This project implements a multithreaded MapReduce runtime in C using POSIX threads. It includes a thread pool for concurrency, sorted intermediate key-value structures, and Shortest Job First (SJF) scheduling for both Map and Reduce phases. The example application is a distributed word count program (distwc.c).

• pthread_mutex_t mutex: guards the shared job queue, idle counters, and shutdown flag.
• pthread_cond_t cond: signals worker threads when new jobs are available.
• pthread_cond_t cond_all_idle: used to synchronize between map and reduce phases.
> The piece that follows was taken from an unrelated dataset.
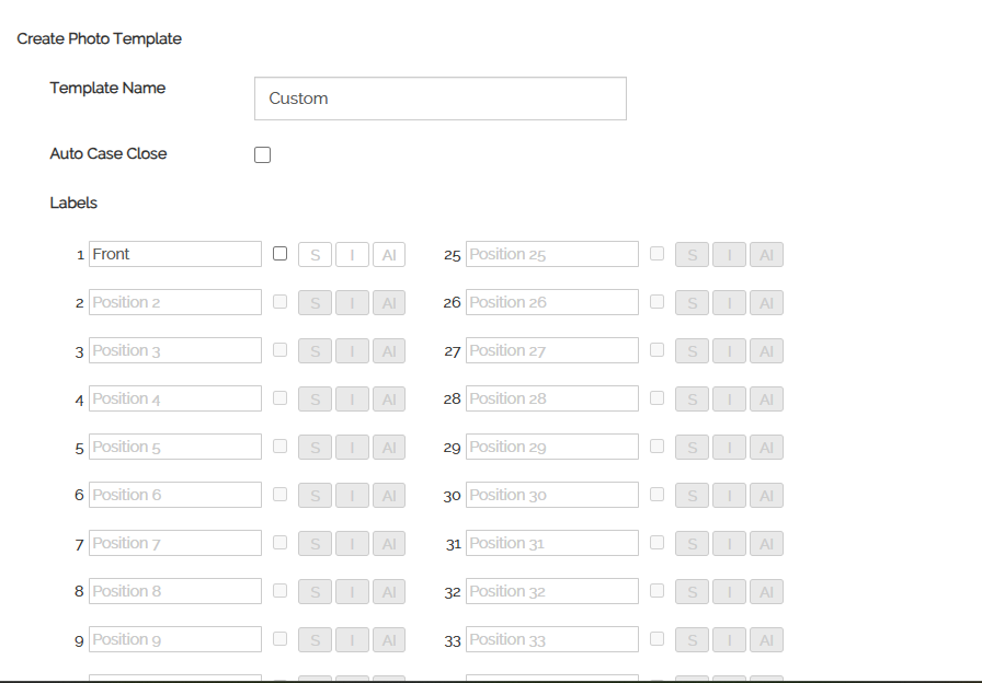 You will see the template creation screen. Start by entering a name for your template. You can also check the box for Auto Case Close if you want the case to close automatically once all required photos are completed.

• pthread_mutex_t (per partition): protects each partition’s sorted key-value list during concurrent MR_Emit calls.

Each partition maintains sorted key-value pairs:

typedef struct ValueNode {
    char *value;
    struct ValueNode *next;
} ValueNode;

typedef struct KVNode {
    char *key;
    ValueNode *values_head, *values_tail;
    struct KVNode *next;
} KVNode;

typedef struct Partition {
    pthread_mutex_t mutex;
    KVNode *kv_head;
    size_t bytes_used;
} Partition;

Keys are inserted in ascending order (strcmp) during MR_Emit. Each partition’s size is tracked for SJF scheduling.

• Inputs: all testcase/sample*.txt (20 files).

• Partitions: 10 (fixed).

• Threads: varied as shown below.

• Correctness checks:

  • No duplicate keys within or across partitions.
  • Each key’s count equals the expected total (e.g., 5000 in provided cases).

• Tools: valgrind --tool=memcheck (no leaks) and valgrind --tool=helgrind (no races).

• Command: make time-test (uses /usr/bin/time).

Discussion (why speedup is limited here):

• Workload size is tiny, so thread overhead and I/O dominate; adding threads doesn’t substantially reduce wall time.
• Amdahl’s Law: serial sections remain (job submission, Map→Reduce barrier, one reducer per partition).
• Contention: brief but frequent locking on the job queue and hot partitions during MR_Emit.
• Load balance & tail effects: some partitions finish later; total time is gated by the slowest partition’s reducer.
• Cache & scheduling overheads grow with more threads, offsetting any potential gains on such a small dataset.

On larger inputs you should see clearer improvements from 1→4→8 threads until the factors above dominate.

make           # build
make run       # run on testcase/*.txt
make memcheck  # check for leaks
make helgrind  # check for data races

Result files (result-*.txt) are deleted before each run to prevent duplicates.

• Course handout/spec (CMPUT 379 A2).
• man pthreads, man pthread_mutex, man pthread_cond.
• Valgrind documentation (memcheck, helgrind).

No external code was copied; all implementation is original.